- Born: March 2, 1946 (age 79) Colorado Springs, Colorado, United States
- Genres: Psychedelic rock; surf rock; country rock;
- Occupation: Musician
- Instruments: Bass guitar; vocals;
- Years active: 1963–2004
- Labels: Challenge; Living Legend; Reprise; Capitol;

= Shaun Harris =

Shaun Harris (born March 2, 1946) is an American musician best-remembered as the bassist of the psychedelic rock band the West Coast Pop Art Experimental Band (WCPAEB). Throughout his music career, Harris worked closely with Michael Lloyd on projects outside the WCPAEB including the Rogues, California Spectrum, and Brigadune. In 1973, he recorded a self-titled solo album on Capitol Records.

==Biography==

Born in Colorado Springs, Colorado, Harris is the eldest son of symphonic composer Roy Harris. In 1962, the family moved to Los Angeles, where a year later Shaun Harris, along with his younger brother Danny, began performing in the Kim Fowley-produced surf rock band the Snowmen. In 1964, the group released the "Ski Storm" single on Challenge Records. While attending the Hollywood Professional School, the Harris brothers befriended Michael Lloyd, the leader of the rival band the Rouges. Shortly afterwards, Shaun Harris assumed the role of bass guitarist with the Rouges, and recorded the single "Wanted: Dead or Alive" for Fowley's own Living Legend record label in 1965. Another project, known as the Laughing Wind, recorded the single, "Good to Be Around" in the same year.

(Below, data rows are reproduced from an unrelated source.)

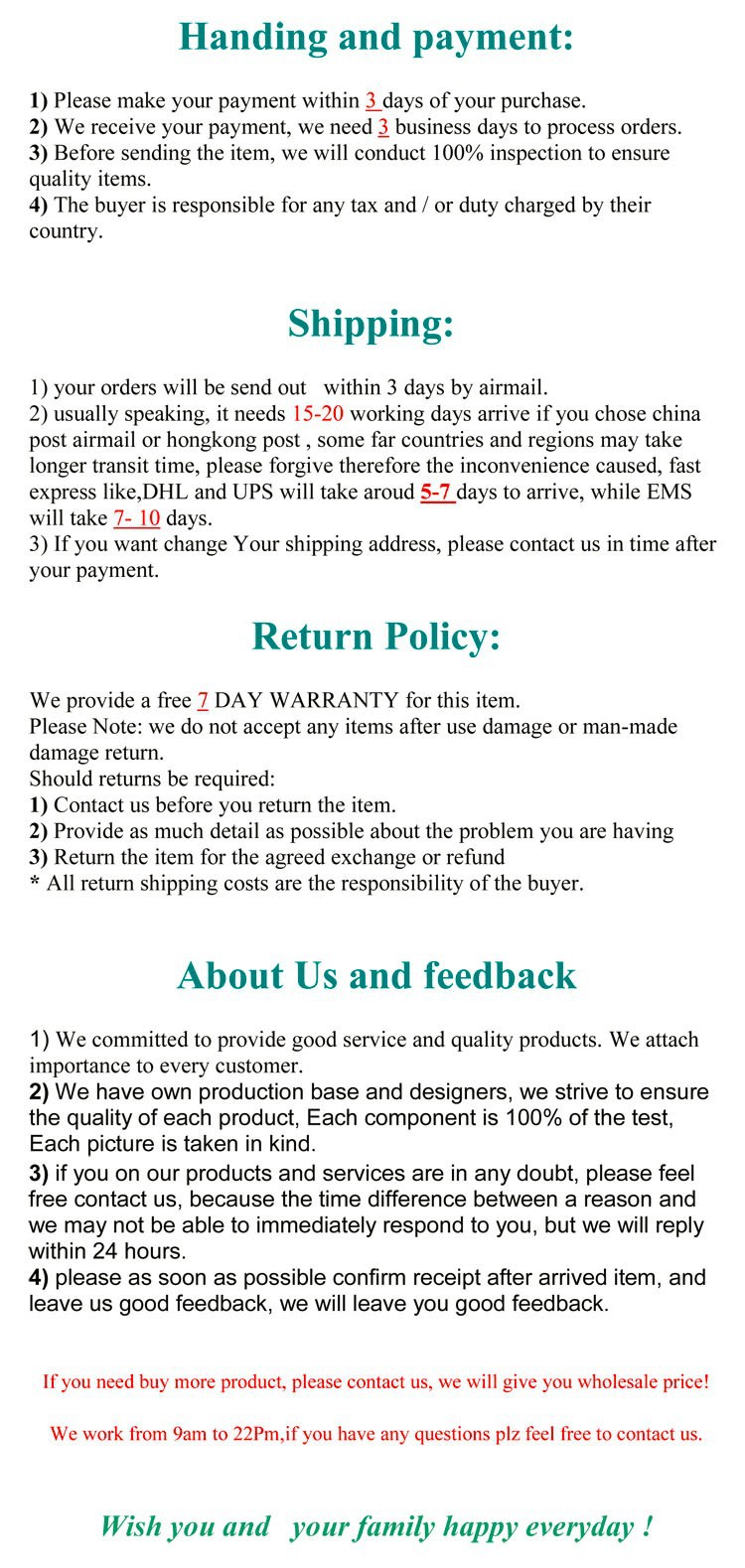 Return PolicyIf the product you receive is not as described or low quality, the seller promises that you may return it before order completion (when you click "Confirm Order Received" or exceed confirmation timeframe) and receive a full refund. The return shipping fee will be paid by you. Or, you can choose to keep the product and agree the refund amount directly with the seller.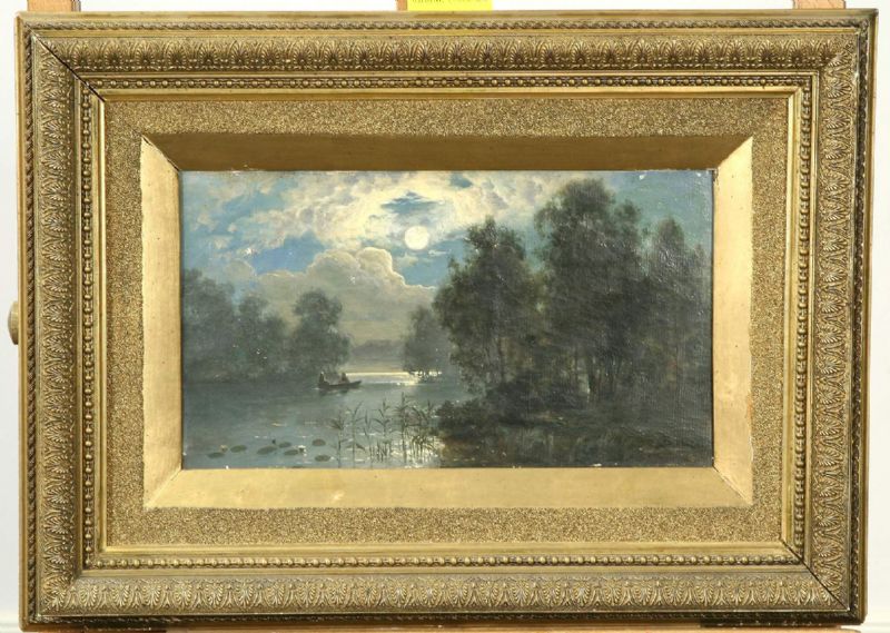 Månsken över insjölandskap med eka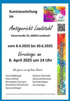 Die „Freunde der Malerei-Westpfalz“ präsentieren sich im Monat April gleich zweimal in Landstuhl: zum einen im Amtsgericht (08.04.2025, 14:00 Uhr), zum anderen im Rathaus (10.04.2025, 17:30 Uhr).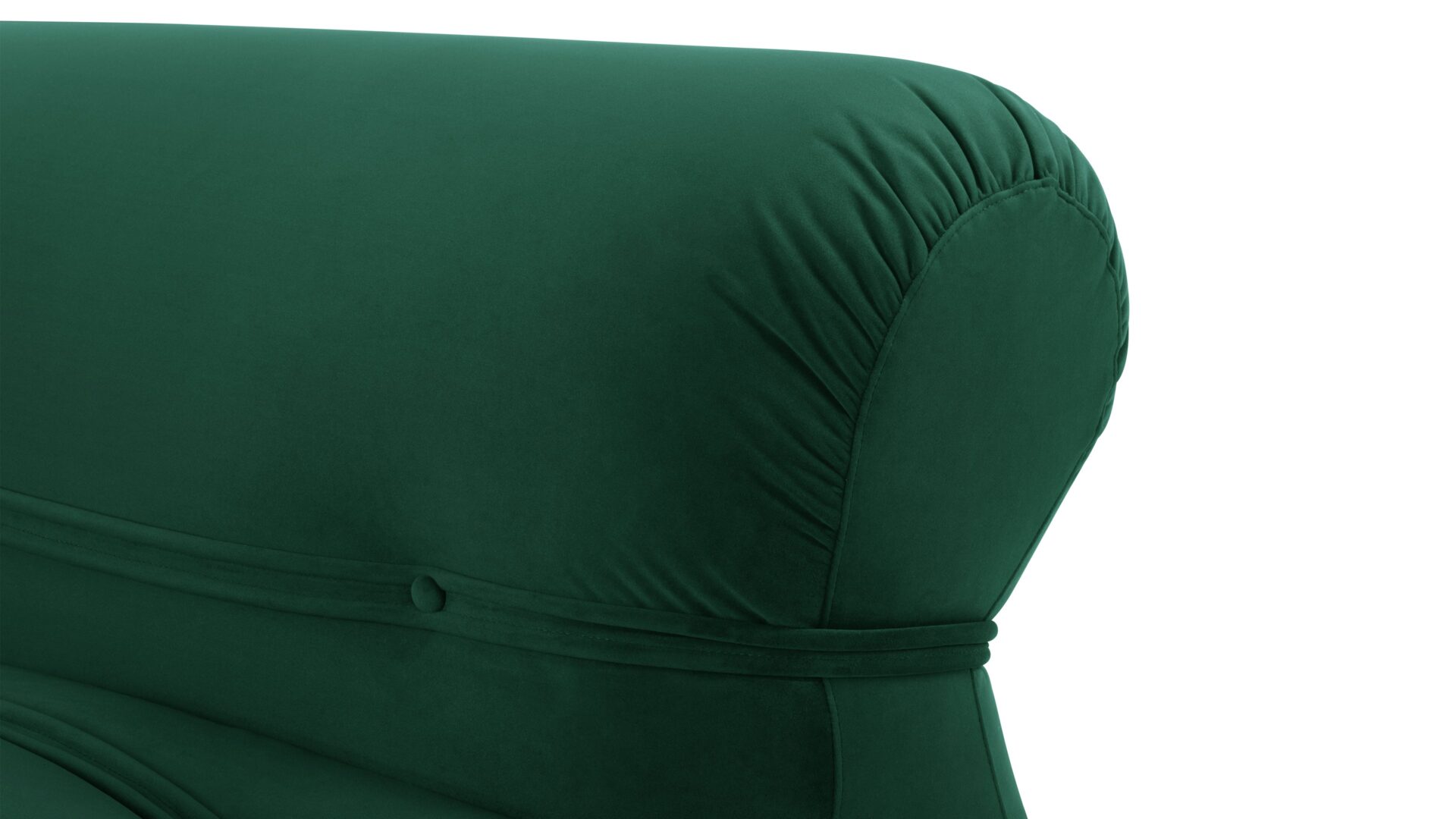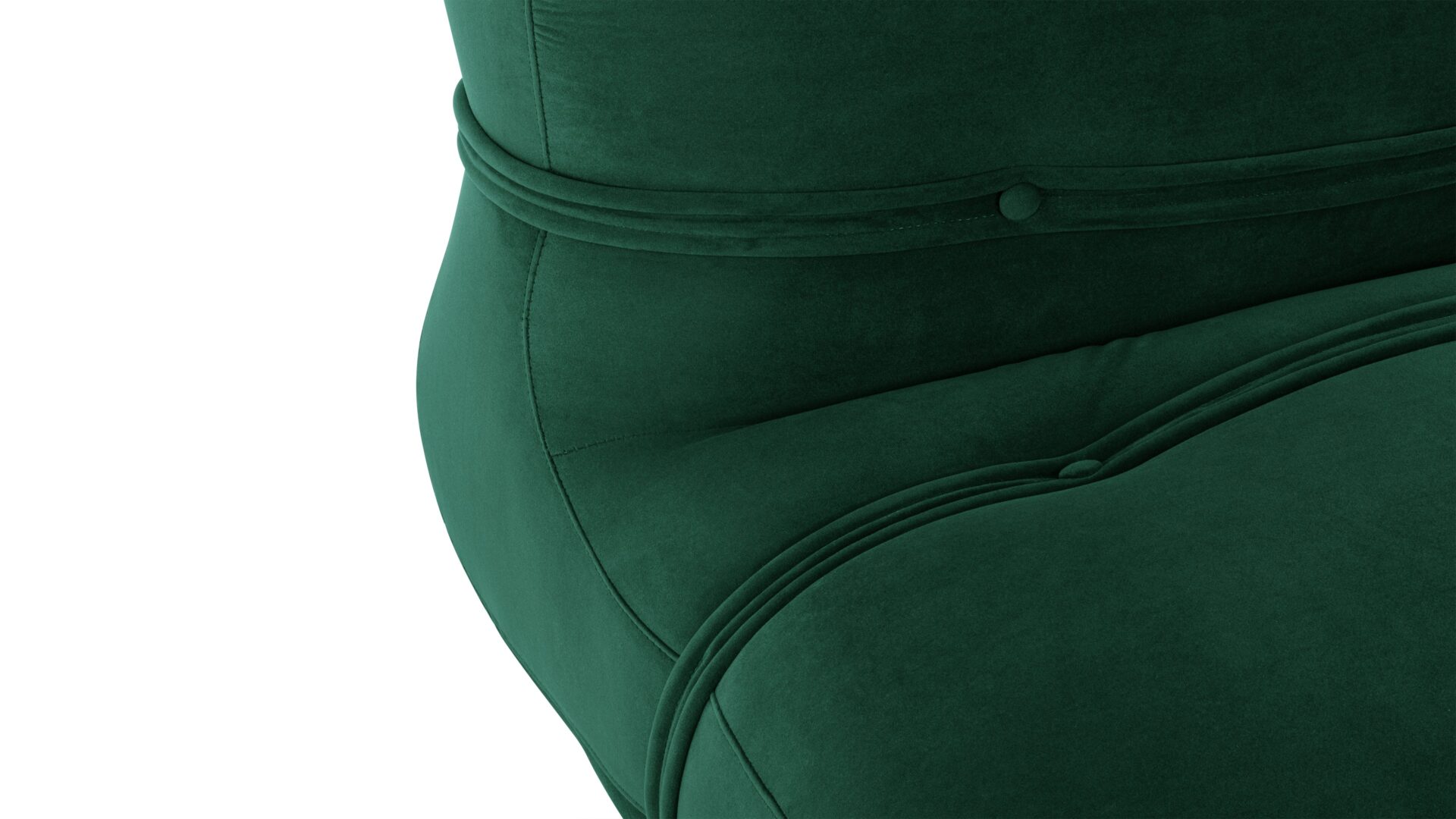 Elevate your space with the Bao Three Seater Sofa in vibrant green velvet and gunmetal gray frame. Featuring a striking curved profile and buttoned upholstery with thick piping, this armless contemporary piece offers comfort and style. Perfect for casual or entertainment areas, pair it with the matching lounge chair for a sophisticated ensemble.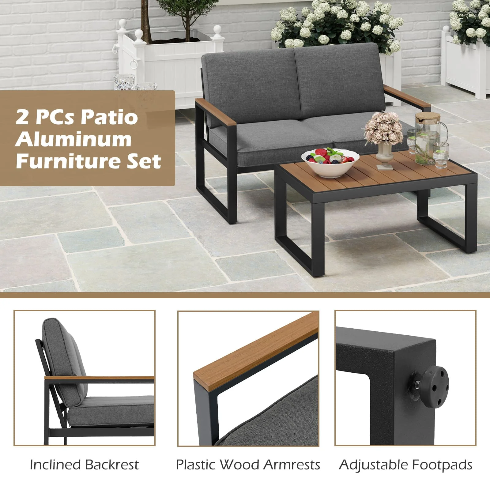 2-Piece Patio Aluminum Furniture Set, Outdoor Conversation Chairs with Cushions – Grey
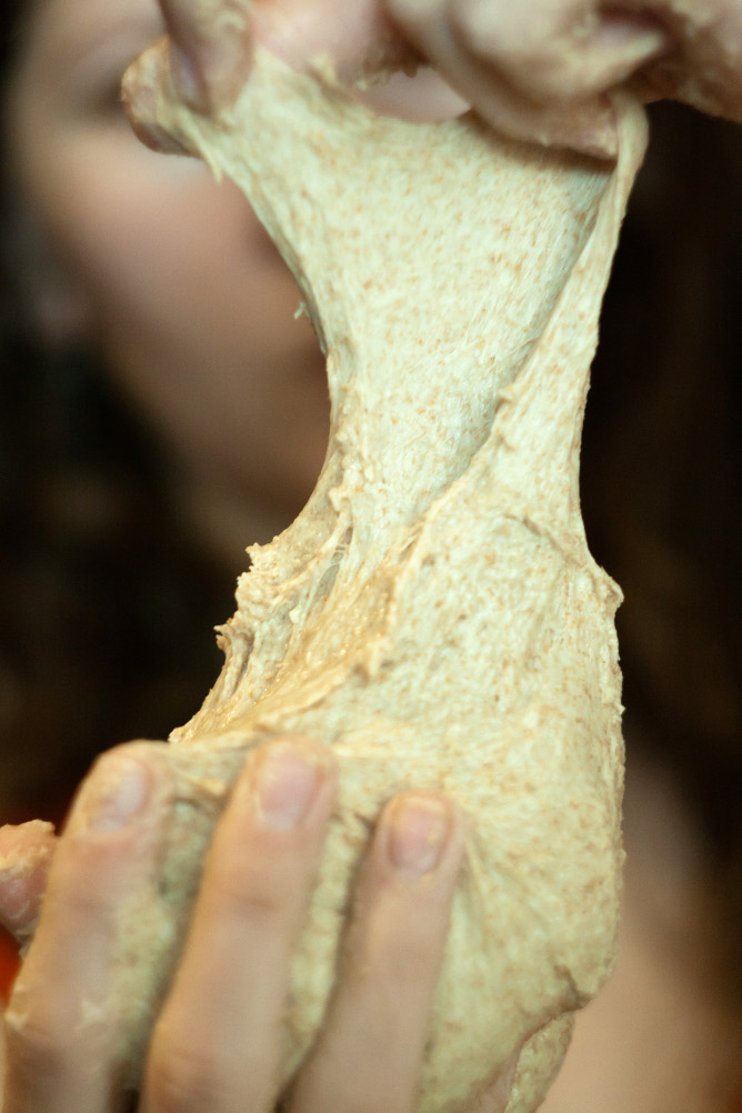 В начале замеса клейковина у теста развита еще очень плохо, мука и вода только смешались, их молекулы только соединились, белок муки еще не успел достаточно набухнуть и сформировать «каркас» из эластичных нитей и пленок. Если вернуться на шаг назад и посмотреть на эту массу до замеса, то вот что мы увидим: до того, как соединиться с водой, мука была просто скопищем мельчайших частиц, в которых, конечно, была клейковина, но ее молекулы были хаотично разбросаны в мучном порошке.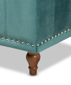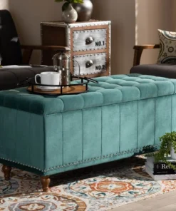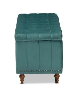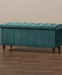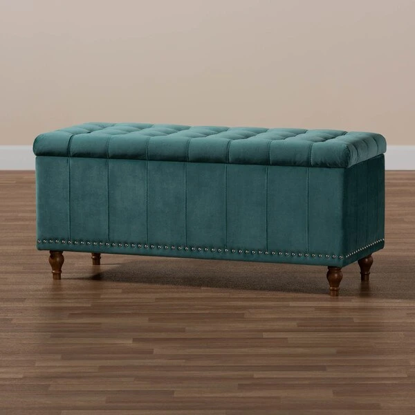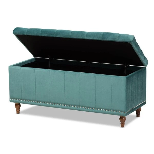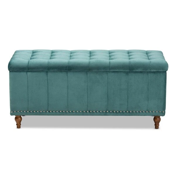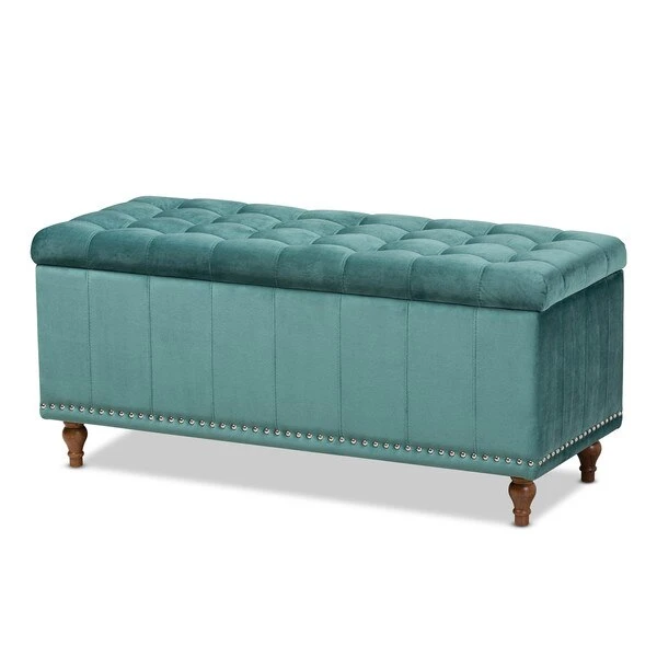 Whether placed in the bedroom or living room, the Kaylee storage bench offers elegant style and handy storage space. Constructed from rubberwood, the Kaylee is upholstered in a soft velvet fabric that adds a dose of glamour to your space. The top is foam padded for seating comfort and opens to reveal ample storage space for extra blankets and linens. Silver nail heads and grid stitching lend a modern look, while button tufting and turned feet add a refined elegance. The Kaylee storage bench requires leg assembly.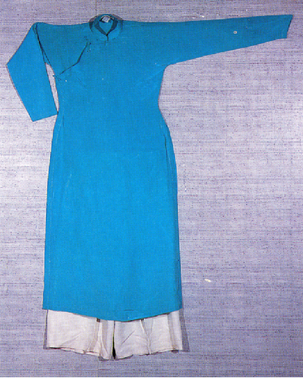 在古籍資料《防城縣志》中這樣記載:“安南人的服裝,男衫長過膝,窄袖袒胸,腰間束帶;女衫長不遮臀,褲闊……”從此項(xiàng)描述中可以大致知道京族早年傳統(tǒng)服飾的概況。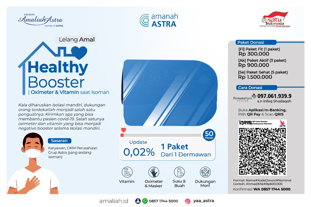 Update Healthy Booster : 0,02% | 1 PaketSebagai bentuk dukungan dan penyemangat. Yuk kirimkan paket kesehatan untuk saudara-saudara kita yang menjalani isoman. Secara langsung Anda membantu pemulihan mereka. Tak terbayang seberapa luas kebaikan yang akan berbalas kepada Anda.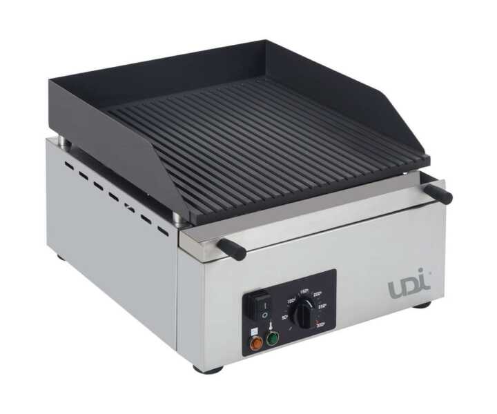 Estrutura totalmente em aço inox, disponível com gaveta para recolha de gorduras. Placa nervurada. Pés ajustáveis. Revestimento cerâmico para fácil limpeza e manutenção. Áreas independentes de cozedura (modelos 600 e 800). Alçado para proteção contra salpicos. Controlo de temperatura até 300ºC. Equipamento concebido e fabricado em conformidade com as normas EC.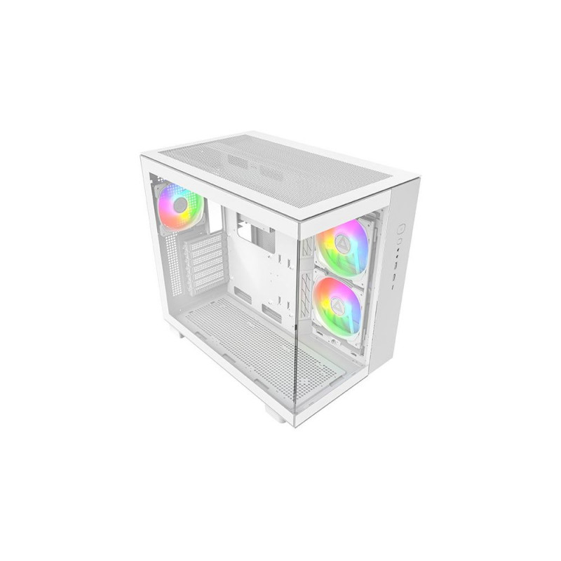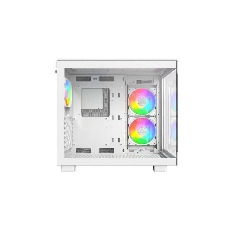 Montech KING 65 PRO. Vormifaktor: Tower, Tüüp: PC, Toote värvus: Valge. Küljele paigaldatud ventilaatorid: 2x 140 mm, Toetatud külgventilaatorite läbimõõt: 120, 140 mm, Tagaküljele paigaldatud ventilaatorid: 1x 120 mm. Toetatud kõvaketta suurused: 3,5", SSD vormifaktor: 2,5". Laius: 475 mm, Sügavus: 300 mm, Kõrgus: 442 mm. Pakendi laius: 502 mm, Pakendi sügavus: 384 mm, Pakendi kõrgus: 559 mm.
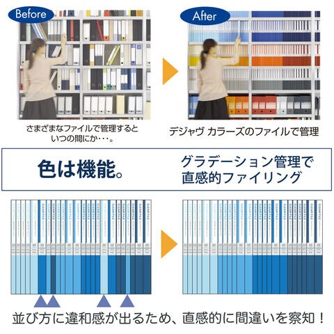 ◆「DEJA VU COLORS」が提唱する<グラデーション管理>とは、色を機能と捉え、文字情報に頼らずに、直感的に書類を管理する考え方です。ファイルの色が欠けたり、並び順が入れ替わったりすると、違和感を持ち、自然と元の位置に戻そうとします。色で管理ができるデジャヴ カラーズシリーズはこれまでのファイル整理方法を変える、効率的で簡単なファイリングをご提案します。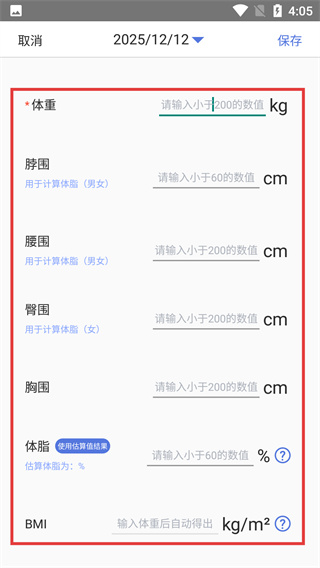 2、進入編輯頁后,按提示填寫【體重】、【脖圍】等指標(biāo),各項數(shù)值需符合頁面標(biāo)注的輸入范圍,確保數(shù)據(jù)有效。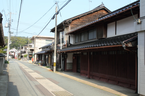 越ヶ浜は萩城の北東約4kmに位置する奈古屋山(笠山)の東側の砂州上に発達した漁業集落です。笠山は奈古屋氏の居城があった事から奈古屋山とも呼ばれ、その東側に位置する馬鞍山との間の打越しの浜であったことが越ヶ浜という地名の由来とされています。越ヶ浜は藩政期に正式な漁港として認められ、浜崎の魚問屋商人に収穫物の販売一切を依託していました。陸揚げされた魚はすべて「いさば船」(魚運搬船)で浜崎まで運ばれました。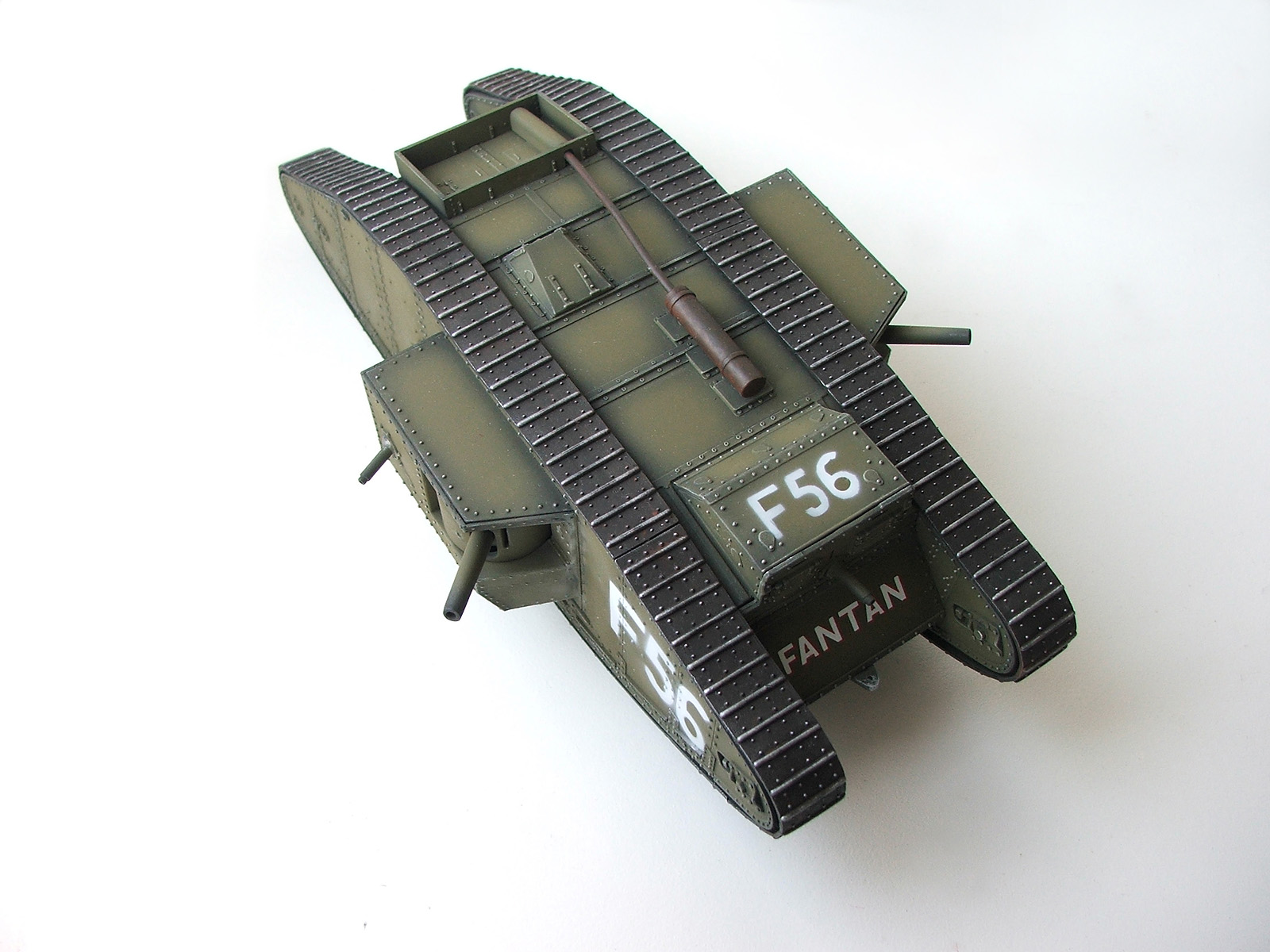 с бортовым номером косяк с трафаретом. лучше бы вы вручную кистью работали. было бы реалистичнее, хотя... с учетом стиля исполнения "полочной модели", так тоже сойдет. ИМХО, модели у вас красивые, но слишком игрушечно-однообразные. А с танком первой мировой оттянуться в плане тонировки можно по полной!))))

The Harris brothers and Lloyd recorded demos, which would later appear on the West Coast Pop Art Experimental Band's debut album Volume One in 1966. Released on the small FiFo label, Volume One was made possible thanks to Bob Markley, a former scholar of law attempting to gain fame on the Sunset Strip with the group under his command. Shaun Harris is the only band member, other than Markley, to appear on every album recorded by the WCPAEB, including the final effort credited to "Markley A Group" in 1970. Between 1967 and 1968, while the group was on hiatus, Harris and Lloyd formed the side-project, California Spectrum, which performed live and released two singles "Sassafras" and "She May Call You Up Tonight" in early 1968. Following the distribution of Markley A Group, the WCPAEB disbanded.

A year after the band's demise, Harris recorded the solo single "I'll Cry Out from My Grave (God I'm Sorry)", a rare sunshine pop record produced by Lloyd and released under the alias Brigadune. In 1973, Harris signed with Capitol Records issuing a self-titled album which boasted a country rock sound unheard of in any of his earlier work. Recorded with top session musicians from the Wrecking Crew, Beach Boy Bruce Johnston, and Lloyd, Shaun Harris was nonetheless hindered by sharing the same release date as Pink Floyd's The Dark Side of the Moon. In the 1990s, the album acquired a cult following, particular among WCPAEB fans, and was reissued on Rev-Ola Records in 2005 with the mono version of "I'll Cry Out from My Grave (God I'm Sorry)". Music critic Jason Ankeny described Shaun Harris as mainstream pop far departing from Harris's stint with the WCPAEB, but also noted its "melodies and arrangements are atypically complex and its lyrics are profoundly introspective, exploring themes of melancholy, self-doubt, and even suicide with uncommon candor".

The poor sales of the album prompted Capitol Records to cut Harris from their roster. He reunited with Lloyd and his brother for smaller projects including Grand Concourse and Rockit, and also served as president of Barry Manilow's publishing company before retiring from music in 2004. Harris has since been living in Oregon to write a play about his life.